Repeat everything from the first line of the listing below through the line that contains "Центробежная эритема Биетта", exactly. Leave out pictures.

▼

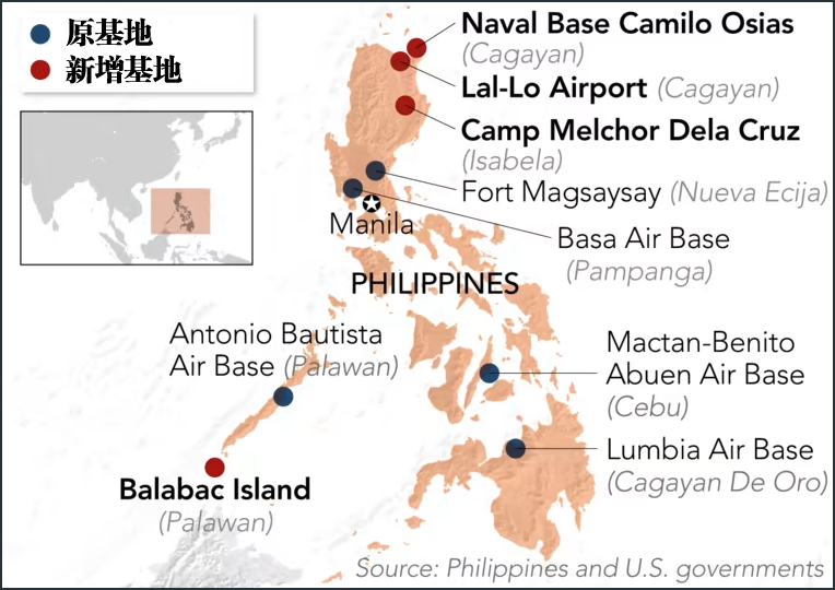 菲律賓原美軍基地與去年新設美軍基地對比圖(圖源:《日經亞洲》)
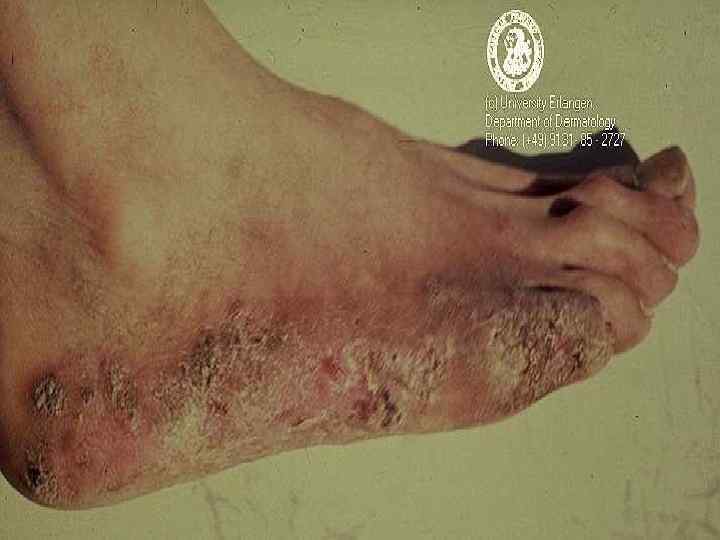 Центробежная эритема Биетта при этой форме характерно появление крупных красных пятен, склонных к периферическому росту, расположенных на лице и других открытых участках кожного покрова n чешуек и инфильтрации кожи нет или ни выражены крайне слабо n рубцовая атрофия не развивается. n
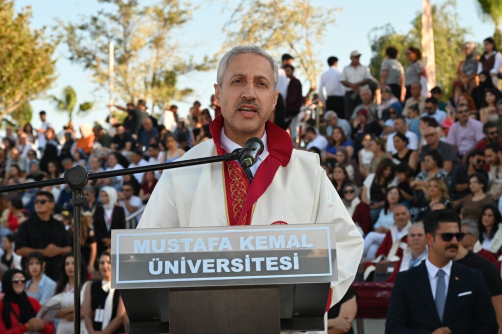 Hatay Valisi Mustafa Masatlı ise konuşmasında, mezunların “Bilgiyle donanmış, vicdanla yoğrulmuş ve sorumluluk bilinciyle yetişmiş gençler” olarak yarınları inşa edeceğini belirtti.
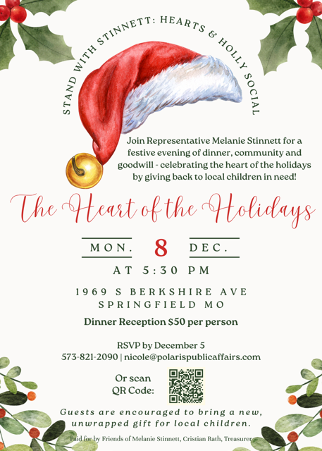 8 | Representative Melanie Stinnett Hearts and Holly Social — 1969 S. Berkshire Ave., Springfield — 5:30 p.m.
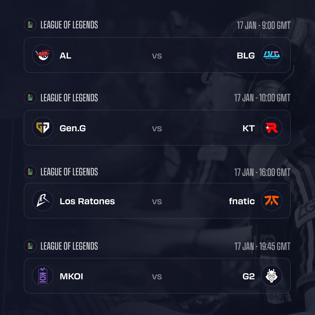 - A repeat of the LPL Split 2 final as AL take on BLG. With the return of XUN and the addition of Viper, BLG are looking dangerous on the Rift.
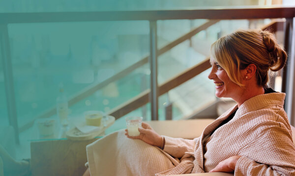 Sie genießen vier Stunden Entspannung in der Wasser- und Feuerebene des bade:haus – mit Sauna, Ruhebereichen und wohltuender Atmosphäre. - Entspannt zurück

▲

**Expected answer**
 菲律賓原美軍基地與去年新設美軍基地對比圖(圖源:《日經亞洲》)
 Центробежная эритема Биетта при этой форме характерно появление крупных красных пятен, склонных к периферическому росту, расположенных на лице и других открытых участках кожного покрова n чешуек и инфильтрации кожи нет или ни выражены крайне слабо n рубцовая атрофия не развивается. n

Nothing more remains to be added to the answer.